A retrospective review of the long-term intraocular pressure (IOP) of 57 trabeculectomies previously enrolled in a prospective study comparing subconjunctival anesthesia to topical lidocaine 2% jelly. Baseline data included patient demographics, diagnosis, and ophthalmic history. Postoperative data included IOP, glaucoma therapy, and any interventions. Follow-up was conducted by reviewing the medical charts from July 2002 to August 2007. Differences between the groups were statistically assessed by the Student t test, χ2 test, Fisher exact test, and Kaplan-Meier survival analysis.


Data were available for 57 of the 58 original study patients, with a median age of 65 years. The median follow-up time was 4.2 years for both groups (range: 0.1 to 4.8). There were no statistically significant differences in baseline characteristics and follow-up observations.

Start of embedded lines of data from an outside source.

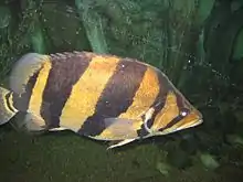 The Siamese tigerfish (Datnioides pulcher), also known as the Siamese tiger perch, is a critically endangered Asian fish native to the Chao Phraya, Mae Klong and Mekong basins.[1] It has vertical yellow and black stripes running the length of its body. The dorsal fin has a spiny appearance.[2] Siamese tigerfish grow to 40 cm (16 in) in standard length.[3]
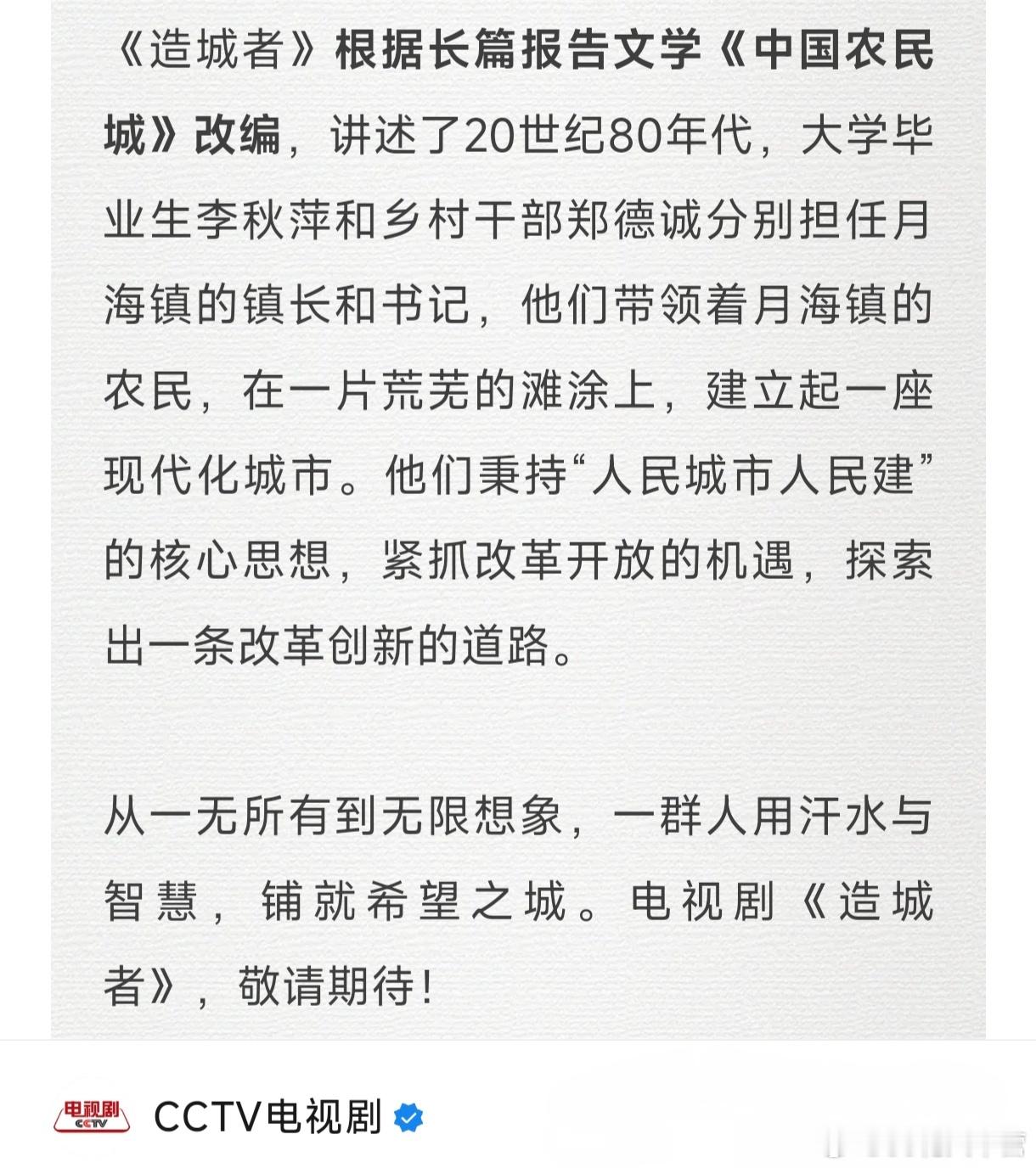 CCTV电视剧官微推荐——《造城者》根据长篇报告文学《中国农民城》改编,讲述了20世纪80年代,大学毕业生李秋萍和乡村干部郑德诚分别担任月海镇的镇长和书记,他们带领着月海镇的农民,在一片荒芜的滩涂上,建立起一座现代化城市。他们秉持“人民城市人民建”的核心思想,紧抓改革开放的机遇,探索出一条改革创新的道路。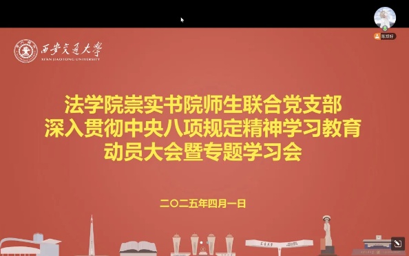 2025年3月12日,中央党的建设工作领导小组召开会议。党中央决定,自2025年全国两会后至7月在全党开展深入贯彻中央八项规定精神学习教育。为进一步加强作风建设,提升党员政治素养。近期,万搏·体育崇实书院师生联合党支部召开深入贯彻中央八项规定精神学习教育动员大会暨专题学习会,支部全体党员参与会议,会议由支部书记陈郑好同志主持。
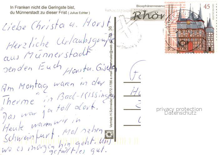 73839415 alte Postkarte Muennerstadt Fachwerkhaeuser Skulpturen Brunnen Kirche postalisch gelaufen Erhaltung siehe scans [FriedD77] KatCode: 11110009672135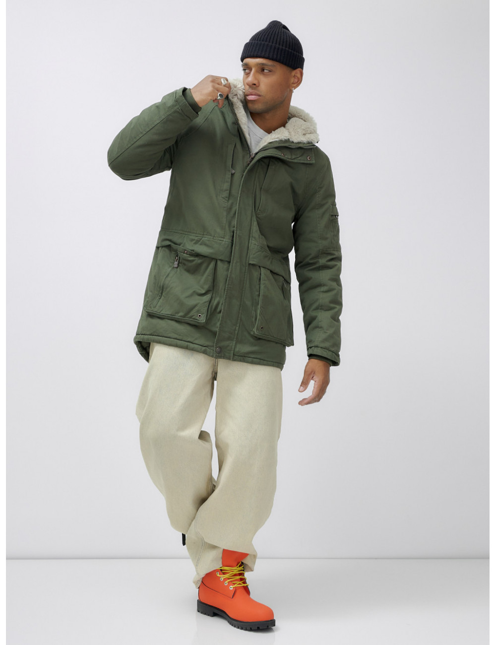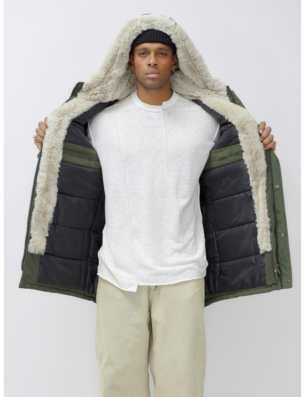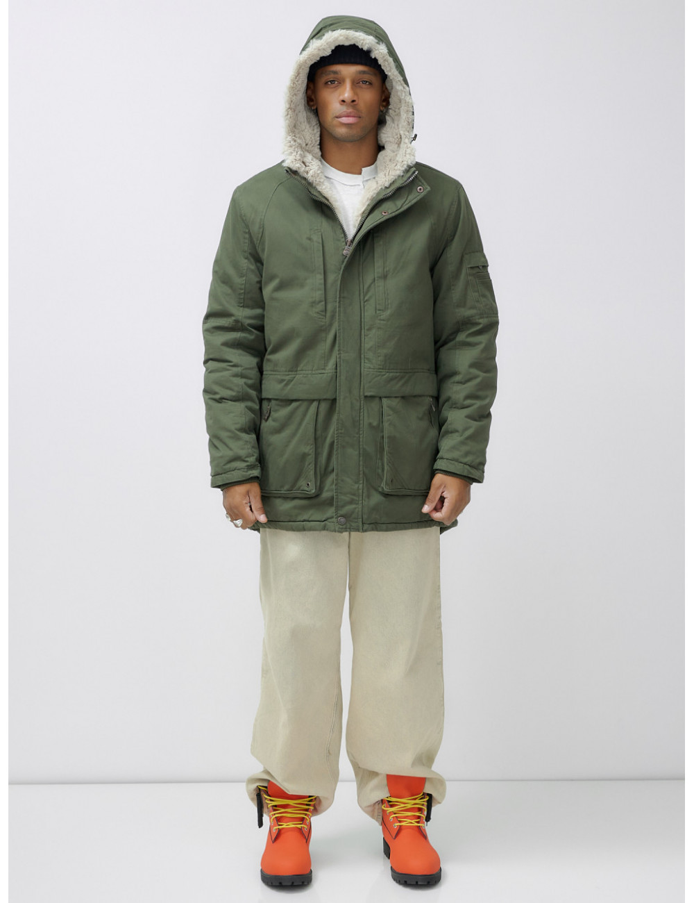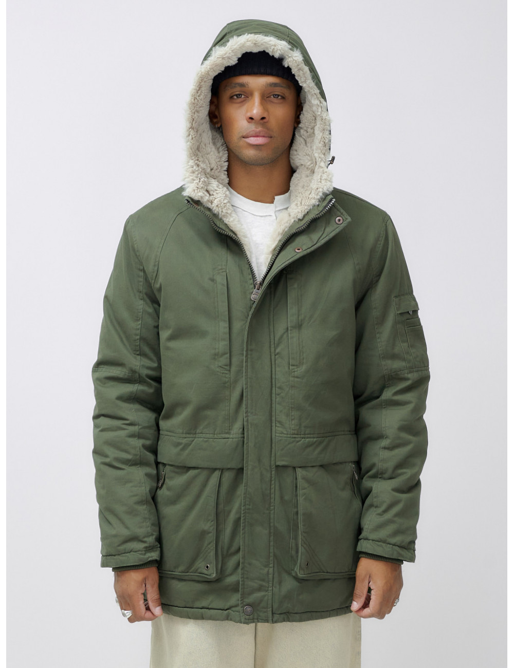 Доставка Мужская зимняя парка удлинённая с мехом, цвет хаки. по Тюмени и Тюменской области СДЭК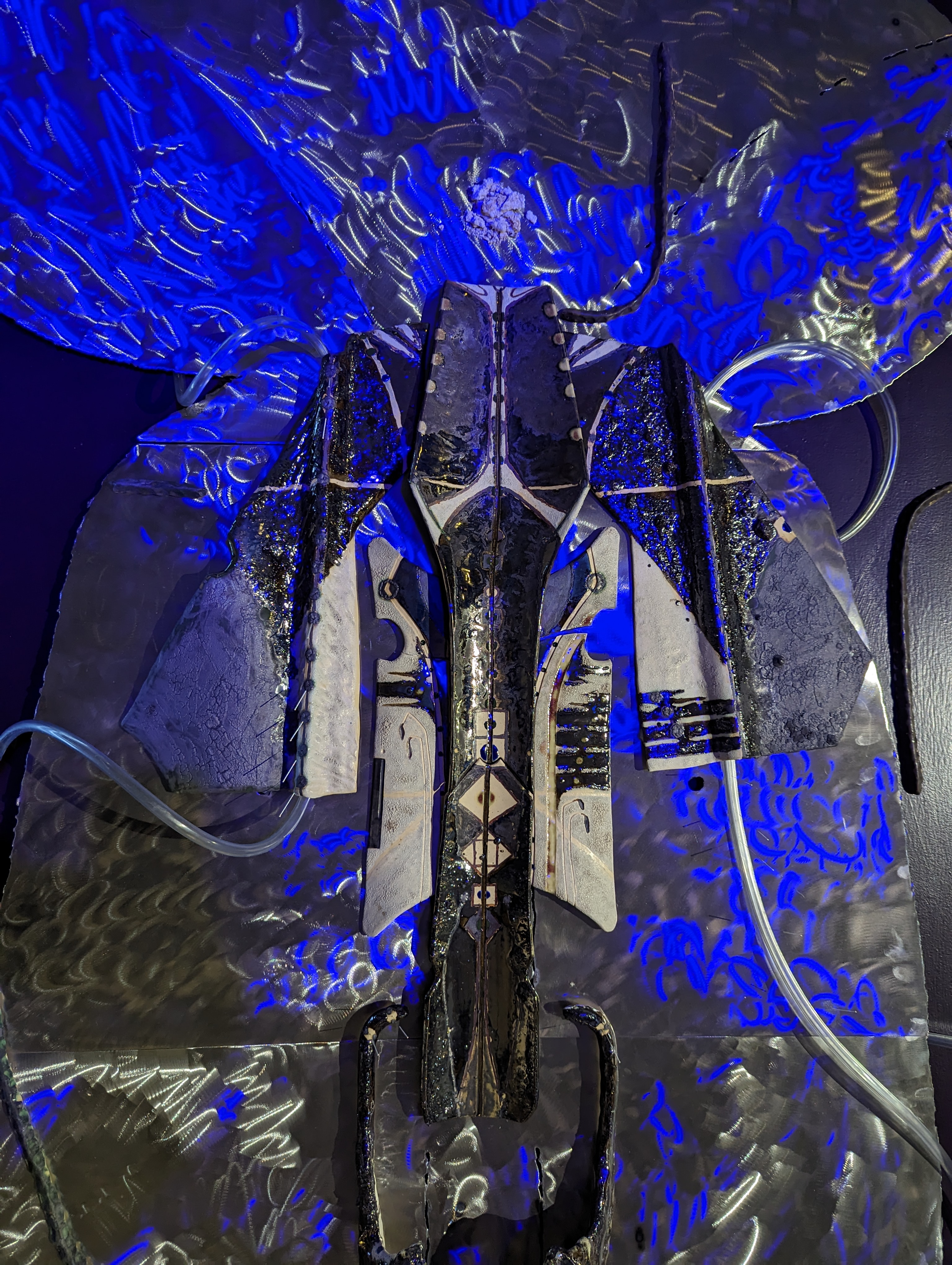 glazed ceramics, acupuncture needles, plastic tubes, crystallized salt on metal

At the 4-year follow-up, 29.5% of the subconjunctival anesthesia patients versus 39.5% of the topical lidocaine 2% jelly patients were complete success (IOP between 6 to 21 mm Hg and 20% reduction without glaucoma therapy or repeat filtration surgery, P=0.15) and 82.7% of the subconjunctival anesthesia patients versus 95.8% for the topical lidocaine 2% jelly patients were qualified success (above with or without glaucoma therapy, P=0.39).


Though small numbers observed, the 2 anesthetic techniques did not seem to influence the long-term success of trabeculectomy surgery. Further studies with more patients are warranted.